Insight was also offered by FBK researcher Chiara Ghidini, who deals precisely with symbolic AI applied to medicine at the Process and Data Intelligence Unit she leads. According to the researcher, precisely because of the pervasiveness and implications that AI can have in this area, it would be desirable to stimulate the same debate that took place on biotechnology and nuclear power, both among experts and with the general public.
For example, since each one of us now generates data in a more or less constant and conscious way, we need to understand whether we can donate them for research or not, what the possible implications of this are, whether there is a political or legal context behind it that protects individuals. On the basis of these reflections, Ghidini then explained which are, according to her, the three most imminent challenges facing those who deal with Artificial Intelligence:
- Incremental tendency to do more and more through AI:
While so far AI has been applied in well-defined and circumstantial domains, what we are trying to do now is to induce it to tackle complex problems, for example assisting a patient that needs long-term care, associating disease treatment with mental well-being, recognizing an emotion or a mental condition.
- Emergence of the need to be reliable and understandable from a technological point of view, always involving the human being in the process (human in the loop). In fact, researchers must keep in mind – and try to overcome – bias, decision-making opacity (not knowing why I came to a conclusion is a problem), and understand the output created by an AI technology. Not secondary is also the problem of accessibility to these technologies, especially for an audience of non-digital natives.
With regard to the dreaded AI “biases”, Ghidini points out that the fact that they exist, and that they emerge in the use of the technologies concerned, means that certain preconceptions do in fact exist in society and it is actually a good thing that they are brought to our attention, as we can thus try and solve and overcome them.
- Shift from prediction to recommendation: the new algorithms should try to provide mainly useful recommendations to avoid something or to do it in an appropriate way.

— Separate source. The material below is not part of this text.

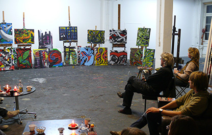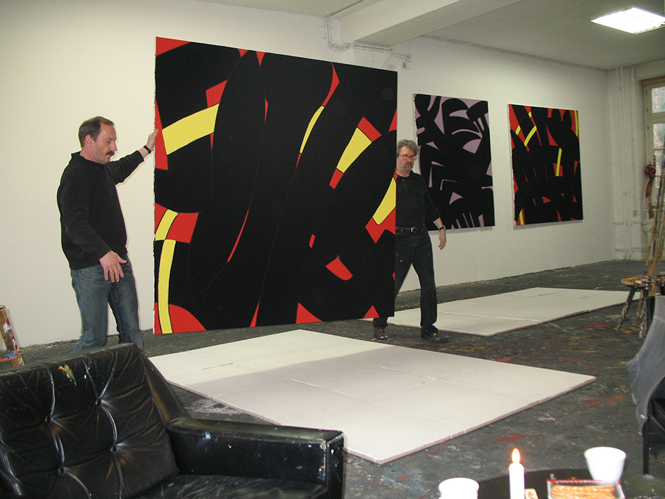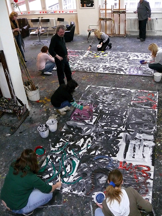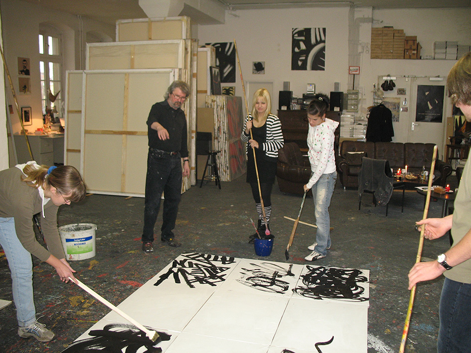 Gelingt es mit den Mitteln des „action paintings“ eine eigene Formensprache zu entwickeln mit der bestimmte Inhalte formuliert werden können? Dieser Frage gingen Schüler zweier Brandenburger Gymnasien bei einem Workshop im Berliner Atelier des Malers Hans- Hendrik Grimmling nach. Wirkten die an den Wänden hängenden großformatigen abstrakten Arbeiten des Künstlers anfänglich noch eher einschüchternd auf die Maleleven, fand Hans- Hendrik Grimmling durch unkonventionelle Mittel doch sehr schnell Wege, die anfängliche Befangenheit in schöpferische Kreativität umzuwandeln.

For example, the aim is to create an algorithm that won’t tell you that you are about to hit a wall, but will rather suggests how to avoid it.
Paolo Traverso, director of FBK’s Marketing Strategy and Business Development Unit, also emphasized the need for regulation as the industry’s next challenge: people should not be governed by technology, but regulations at the same time should not be a brake on AI development, but rather empower people to understand why it’s important to be able to use their data, what purpose does it serve and how it is used. And the fact that, in AI technologies, there is the issue of transfer control, i.e., the need for human intervention at some point in the process (think of medicine but also of automotive or the legal system) indicates that machines not only have limitations that require human intervention in order to be overcome and it is right and desirable that it be and remain so.